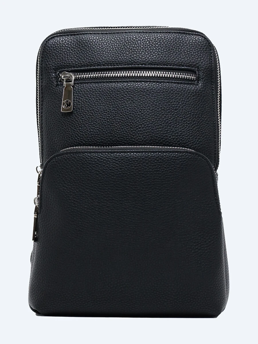 Мужской рюкзак выполнен из искусственной кожи с зернистой фактурой. Оснащен множеством вместительных отделений.
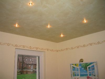 Im Flur-, Umkleide- und Ruheraumbereich haben wir die Decken mit Lasurtechnik gestaltet. Außerdem wurden die Wände mit Schablonierarbeiten verziert.
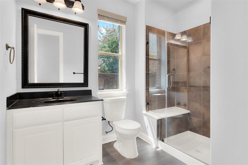 MOVE-IN READY! Nestled on a quiet interior lot in Prosper's sought-after Greenspoint neighborhood with no rear neighbors, this stunning 5-bedroom, 4-bathroom home blends elegance with everyday comfort. The striking brick and stone elevation, manicured landscaping, and side-swing three-car garage create timeless curb appeal. Inside, a grand oversized entry and sweeping staircase open to an inviting layout designed for both family living and entertaining. The first floor includes a formal living and dining room, private study, spacious primary suite, and a guest bedroom with an adjoining full bath. The expansive gathering room is a true showstopper, with a wall of windows overlooking the lush greenbelt and an impressive floor-to-ceiling stone fireplace. Throughout the home, you'll find custom built-ins, rich molding and millwork, and decorative lighting. The gourmet kitchen features a large island with upgraded granite, a KitchenAid 6-burner gas cooktop, abundant cabinetry, and a sunny breakfast nook. Upstairs, two oversized bedrooms share a Jack-and-Jill bath, while a large media room and adjacent game room"”plumbed for a wet bar"”offer endless entertainment options. Step outside to a covered patio and fully fenced backyard with plenty of green space for pets and play. Nestled in an established community with mature trees, this home offers an outstanding location minutes from the new PGA of America Headquarters, premier shopping and dining, and commuter routes including Hwy 380 and the Dallas North Tollway. Served by award-winning Prosper ISD. Call to schedule your private showing today!

***

(WHAT IS EXPECTED): Every line from the start of the material through the line holding "Im Flur-, Umkleide- und" must be returned exactly, and the pictures must not.

(RESPONSE TO THIS EXERCISE):
 Мужской рюкзак выполнен из искусственной кожи с зернистой фактурой. Оснащен множеством вместительных отделений.
 Im Flur-, Umkleide- und Ruheraumbereich haben wir die Decken mit Lasurtechnik gestaltet. Außerdem wurden die Wände mit Schablonierarbeiten verziert.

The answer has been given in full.